徳川時代の厳しい鎖国政策の下でも、長期外国生活を体験した日本人が、少数存在しました。乗り組んでいた船が難破したため、余儀なく外国生活を経験した大黒屋光太夫や中浜万次郎。あるいは、長州藩や薩摩藩の政策として密に英国に留学した武士団などです。

ですが、同志社の創立者・新島襄の場合は、自分の意思で、たった1人で函館から米国に向けて密出国したというのですから、驚きです。

新島襄(1843-90)は1843(天保14)年、安中藩の江戸詰め下級武士の長男として生まれました。彼は国家の改革者、日本の近代化の先導者になりたいという強い意志をもって、21歳の1864(元治元)年、函館から国禁を犯して脱国し、翌年アメリカのボストンに着きました。
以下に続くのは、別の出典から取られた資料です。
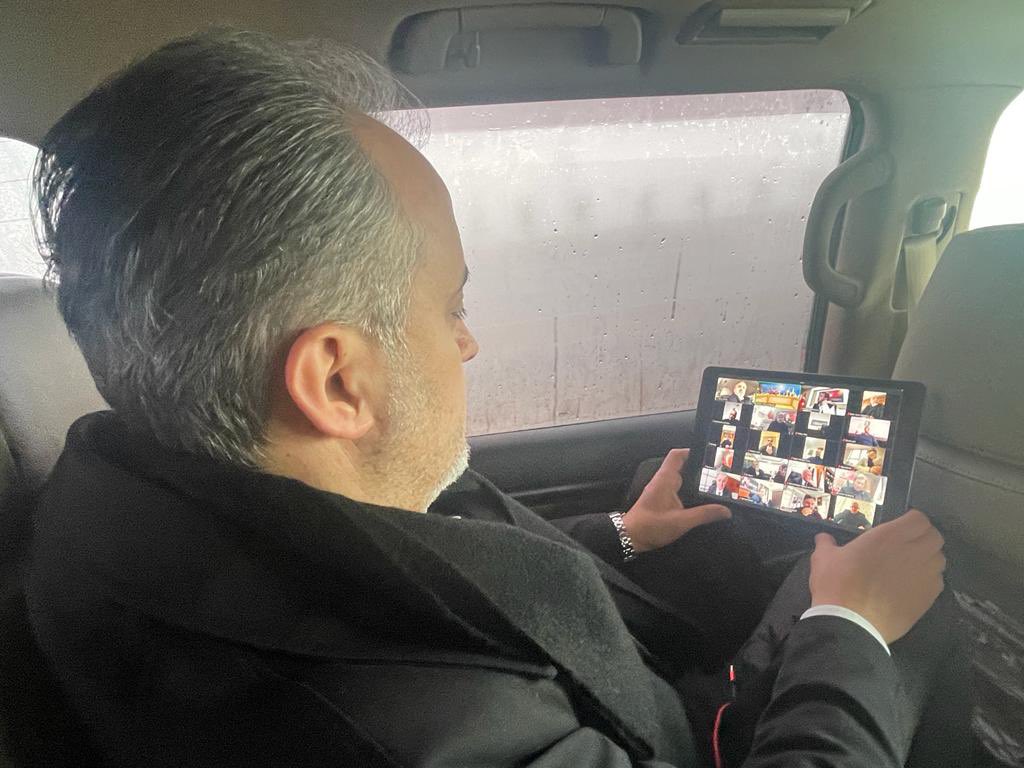 AK Parti teşkilatları ve belediyelerle koordinasyon görüşmesini Aktaş yolda tablet bilgisayardan yaptı.

8年近く米欧で生活した新島は、欧米文明をつくり、支えているものは、キリスト教信仰を持ち、デモクラシーを体得した独立自尊の人間であるという結論に達します。キリスト教の人間形成が近代国家の形成に果たす役割の大きいことを認識した新島は、1874(明治7)年、宣教師として帰国。早速キリスト教の福音を全国に宣べ伝えるとともに、日本の近代化のリーダーとなる人物の育成を目ざし、1875(明治8)年11月、京都の地に同志社英学校を設立しました。

「世の中のため」に生きることの大切さや「社会事業は神の委託事業である」と口癖のように言っていた新島の教えに感化され、日本の社会事業の草分けとなる人物が多く輩出されました。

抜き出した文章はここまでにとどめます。